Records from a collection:

··········

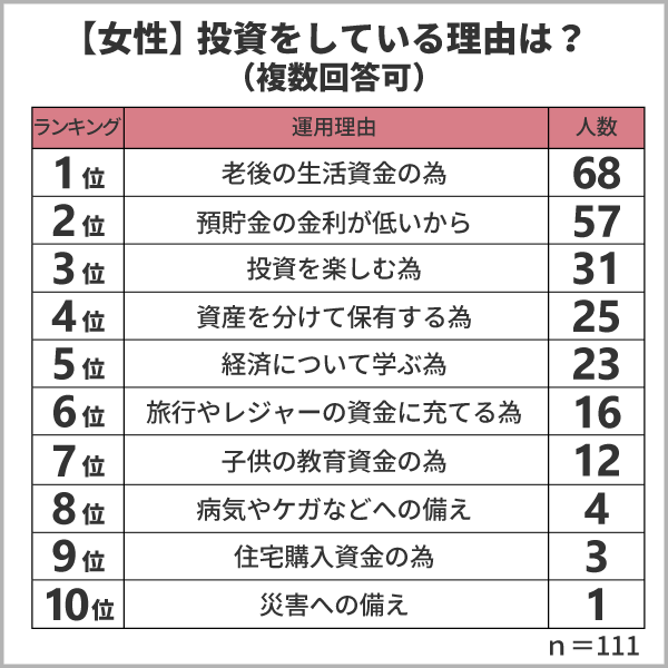 同じく投資をしている女性111人にも「投資をしている理由」を伺ったところ「老後の生活資金の為」「預貯金の金利が低い」が上位となり、上位の理由も男性とほぼ同じ結果となっています。
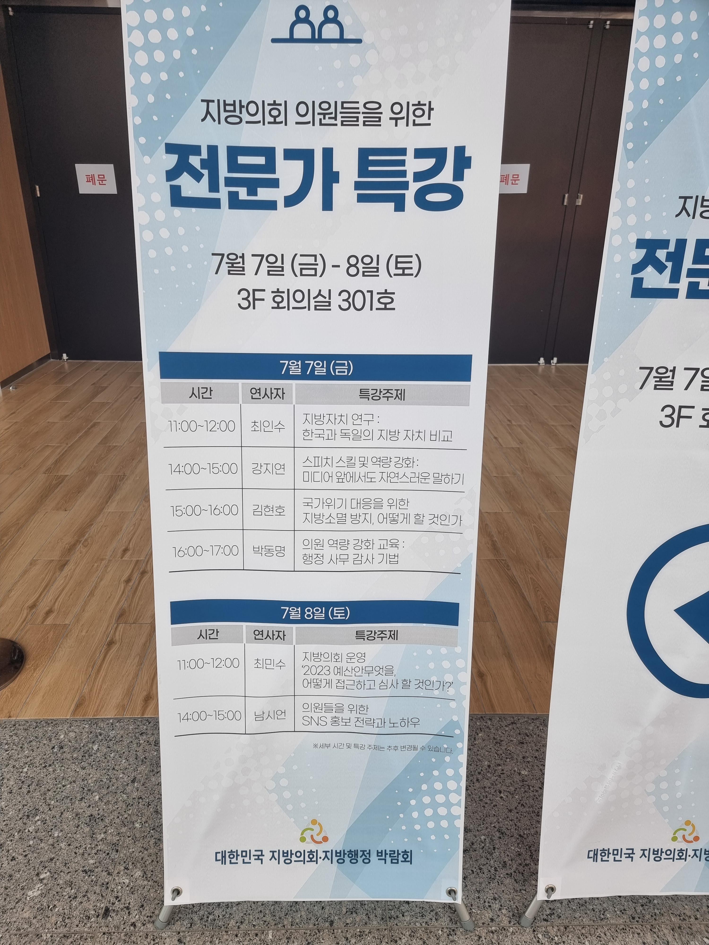 2023년 대한민국 지방의회 지방행정박람회는 대전컨벤션센터에서 열렸습니다. 저는 여기에 전문가 특강 마지막 꼭지로 초청받아서 강연을 다녀왔습니다.
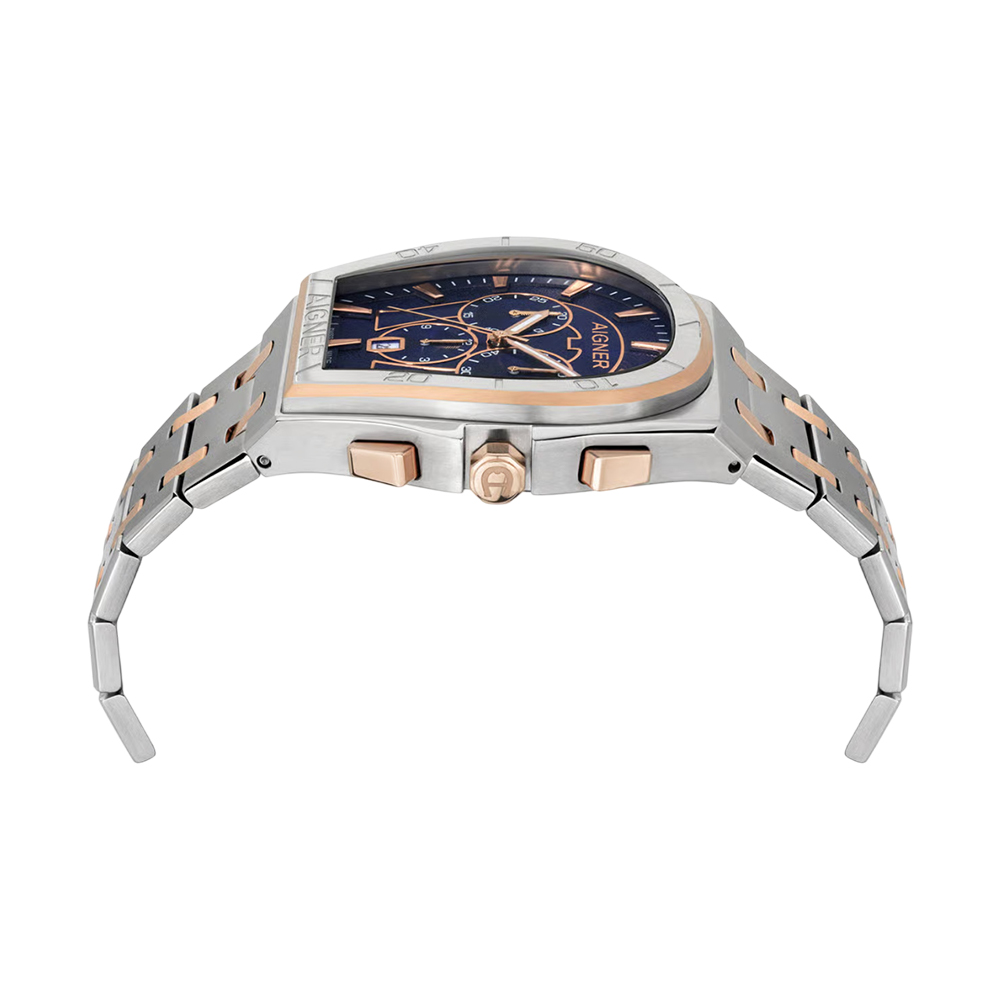 This contemporary men's watch by Aigner stands out with its rose gold stainless steel case and blue dial, encompassed in a 41 x 43 mm horseshoe-shaped case. The stainless steel bracelet features a butterfly buckle, providing a seamless and luxurious fit. Enhanced by sapphire glass, it runs on Swiss quartz movement, offers 5 ATM water resistance, and balances fashionable sophistication with robust functionality for modern professionals.
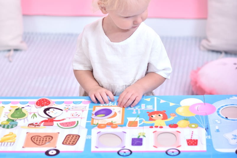 Następnie uzupełnijcie zapasy na półkach, dopasowując elementy o różnych kształtach do odpowiednich dziurek.
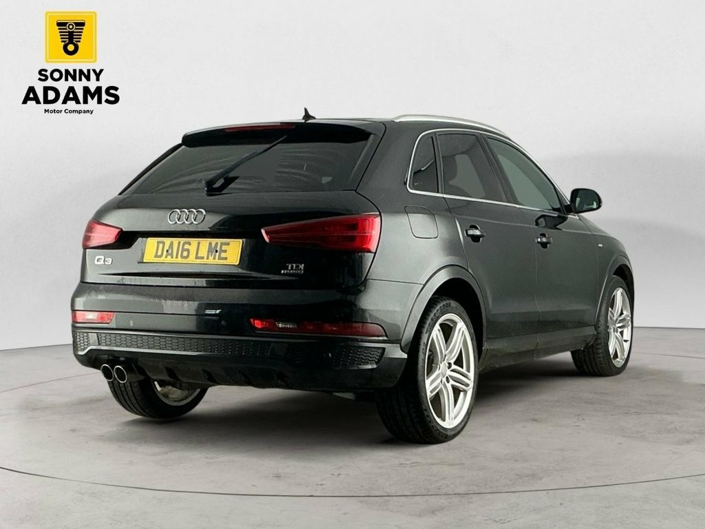 This Audi Q3 2.0 TDI S line Plus quattro is a premium SUV that combines strong diesel performance, confident all-wheel-drive capability, and striking S line styling. Powered by a robust 2.0 TDI engine producing 150 PS and paired with a smooth manual gearbox, this Euro 6–compliant model delivers excellent efficiency alongside assured traction in all driving conditions thanks to Audi's renowned quattro system. The exterior is enhanced by S line body styling, a high-gloss black S line radiator grille, 19-inch 5-double-spoke off-road alloy wheels, aluminium roof rails, aluminium window trims, privacy glass, LED tail lights, and chrome-plated exhaust trims. Practical touches such as a power-operated tailgate, towbar preparation, and reversible luggage compartment floor make it ideal for both family life and active lifestyles. Inside, the cabin offers a refined and sporty atmosphere with front sports seats, black cloth headlining, matt brushed aluminium inlays, and S line door sill trims. Comfort is enhanced by dual-zone electronic climate control, cruise control, electric windows front and rear, a front centre armrest, and 4-way electric lumbar support for the front seats. The adjustable 3-spoke multifunction Q-design steering wheel ensures a comfortable driving position on every journey. Technology and infotainment are well covered with a satellite navigation system, 6.5-inch display screen, Audi Music Interface, Bluetooth connectivity, DAB digital radio, voice cont 19in Alloy Wheels - 5-Double-Spoke Off-R, 3-Spoke Multi-Function Q-Design Steering, 4-Way Electric Lumbar Support for Front , 6.5in Display Screen, 8 Passive Speakers, AMI - Audi Music Interface, All Weather LED Headlights, Aluminium Roof Rails, Aluminium Window Trims, Anti Theft Locking Wheel Bolts, Audi Drive Select, Audi Parking System Plus, Auto-Dimming Rear-View Mirror, Bluetooth Interface, Body-Coloured Door Mirrors - Electricall, Bright Moulding, Chrome-Plated Trims for Exhaust System, Cloth Headlining and Dashboard in Black, Concert Radio, Cruise Control, DAB Digital Radio, Door Mirrors - Heated-Electrically Adjus, Door Sill Trims with S Line Logo, Driver - Front Passenger - Front Si

··········

## Exercise requirements
If an entry above holds a picture, leave that picture out and print the rest exactly.

## Response to this exercise
 同じく投資をしている女性111人にも「投資をしている理由」を伺ったところ「老後の生活資金の為」「預貯金の金利が低い」が上位となり、上位の理由も男性とほぼ同じ結果となっています。
 2023년 대한민국 지방의회 지방행정박람회는 대전컨벤션센터에서 열렸습니다. 저는 여기에 전문가 특강 마지막 꼭지로 초청받아서 강연을 다녀왔습니다.
 This contemporary men's watch by Aigner stands out with its rose gold stainless steel case and blue dial, encompassed in a 41 x 43 mm horseshoe-shaped case. The stainless steel bracelet features a butterfly buckle, providing a seamless and luxurious fit. Enhanced by sapphire glass, it runs on Swiss quartz movement, offers 5 ATM water resistance, and balances fashionable sophistication with robust functionality for modern professionals.
 Następnie uzupełnijcie zapasy na półkach, dopasowując elementy o różnych kształtach do odpowiednich dziurek.
 This Audi Q3 2.0 TDI S line Plus quattro is a premium SUV that combines strong diesel performance, confident all-wheel-drive capability, and striking S line styling. Powered by a robust 2.0 TDI engine producing 150 PS and paired with a smooth manual gearbox, this Euro 6–compliant model delivers excellent efficiency alongside assured traction in all driving conditions thanks to Audi's renowned quattro system. The exterior is enhanced by S line body styling, a high-gloss black S line radiator grille, 19-inch 5-double-spoke off-road alloy wheels, aluminium roof rails, aluminium window trims, privacy glass, LED tail lights, and chrome-plated exhaust trims. Practical touches such as a power-operated tailgate, towbar preparation, and reversible luggage compartment floor make it ideal for both family life and active lifestyles. Inside, the cabin offers a refined and sporty atmosphere with front sports seats, black cloth headlining, matt brushed aluminium inlays, and S line door sill trims. Comfort is enhanced by dual-zone electronic climate control, cruise control, electric windows front and rear, a front centre armrest, and 4-way electric lumbar support for the front seats. The adjustable 3-spoke multifunction Q-design steering wheel ensures a comfortable driving position on every journey. Technology and infotainment are well covered with a satellite navigation system, 6.5-inch display screen, Audi Music Interface, Bluetooth connectivity, DAB digital radio, voice cont 19in Alloy Wheels - 5-Double-Spoke Off-R, 3-Spoke Multi-Function Q-Design Steering, 4-Way Electric Lumbar Support for Front , 6.5in Display Screen, 8 Passive Speakers, AMI - Audi Music Interface, All Weather LED Headlights, Aluminium Roof Rails, Aluminium Window Trims, Anti Theft Locking Wheel Bolts, Audi Drive Select, Audi Parking System Plus, Auto-Dimming Rear-View Mirror, Bluetooth Interface, Body-Coloured Door Mirrors - Electricall, Bright Moulding, Chrome-Plated Trims for Exhaust System, Cloth Headlining and Dashboard in Black, Concert Radio, Cruise Control, DAB Digital Radio, Door Mirrors - Heated-Electrically Adjus, Door Sill Trims with S Line Logo, Driver - Front Passenger - Front Si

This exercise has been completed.